● WHAT YOU ARE ASKED TO DO:
In your copy, leave out the pictures; write out all the data exactly.

[[ MATERIAL PROVIDED, beginning ]]

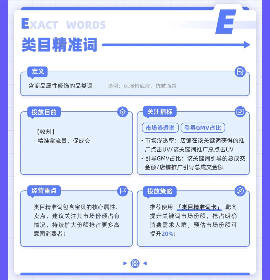 经营重点在于,关注商品的核心卖点和市占情况。商家可以使用「类目精准词卡」靶向提升关键词的市场份额,预估市场份额可提升20%;投放后,还可以通过市场渗透率、引导GMV占比追踪优化。
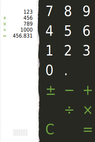 Grid { columns: 3 columnSpacing: 32 rowSpacing: 16 signal buttonPressed Button { text: "7" } Button { text: "8" } Button { text: "9" } Button { text: "4" } Button { text: "5" } Button { text: "6" } Button { text: "1" } Button { text: "2" } Button { text: "3" } Button { text: "0" } Button { text: "."; dimmable: true } Button { text: " " } Button { text: "±"; color: "#6da43d"; operator: true; dimmable: true } Button { text: "−"; color: "#6da43d"; operator: true; dimmable: true } Button { text: "+"; color: "#6da43d"; operator: true; dimmable: true } Button { text: "√"; color: "#6da43d"; operator: true; dimmable: true } Button { text: "÷"; color: "#6da43d"; operator: true; dimmable: true } Button { text: "×"; color: "#6da43d"; operator: true; dimmable: true } Button { text: "C"; color: "#6da43d"; operator: true } Button { text: " "; color: "#6da43d"; operator: true } Button { text: "="; color: "#6da43d"; operator: true; dimmable: true } }
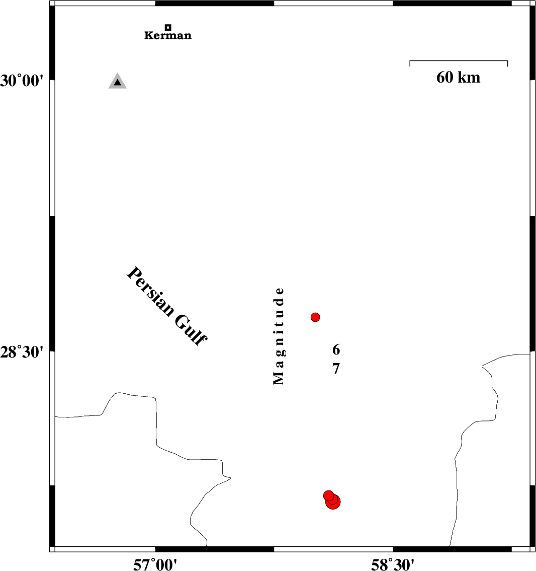 | 2017/07/15 | 18:18:15.5 | 22:48:15.5 | 28.906 | 57.865 | 14 | ML:4.2 | Kerman Province, 29 km North-East of Jiroft | ||
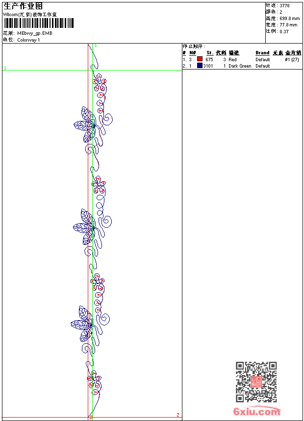 - emb花版参数: 大小:44.50 KB / 尺寸:78*700[毫米] / 针数:3778针 / 线色:2 / 格式:emb / 版本:9

[[ MATERIAL PROVIDED, end ]]

● THE COMPLETED TASK:
 经营重点在于,关注商品的核心卖点和市占情况。商家可以使用「类目精准词卡」靶向提升关键词的市场份额,预估市场份额可提升20%;投放后,还可以通过市场渗透率、引导GMV占比追踪优化。
 Grid { columns: 3 columnSpacing: 32 rowSpacing: 16 signal buttonPressed Button { text: "7" } Button { text: "8" } Button { text: "9" } Button { text: "4" } Button { text: "5" } Button { text: "6" } Button { text: "1" } Button { text: "2" } Button { text: "3" } Button { text: "0" } Button { text: "."; dimmable: true } Button { text: " " } Button { text: "±"; color: "#6da43d"; operator: true; dimmable: true } Button { text: "−"; color: "#6da43d"; operator: true; dimmable: true } Button { text: "+"; color: "#6da43d"; operator: true; dimmable: true } Button { text: "√"; color: "#6da43d"; operator: true; dimmable: true } Button { text: "÷"; color: "#6da43d"; operator: true; dimmable: true } Button { text: "×"; color: "#6da43d"; operator: true; dimmable: true } Button { text: "C"; color: "#6da43d"; operator: true } Button { text: " "; color: "#6da43d"; operator: true } Button { text: "="; color: "#6da43d"; operator: true; dimmable: true } }
 | 2017/07/15 | 18:18:15.5 | 22:48:15.5 | 28.906 | 57.865 | 14 | ML:4.2 | Kerman Province, 29 km North-East of Jiroft | ||
 - emb花版参数: 大小:44.50 KB / 尺寸:78*700[毫米] / 针数:3778针 / 线色:2 / 格式:emb / 版本:9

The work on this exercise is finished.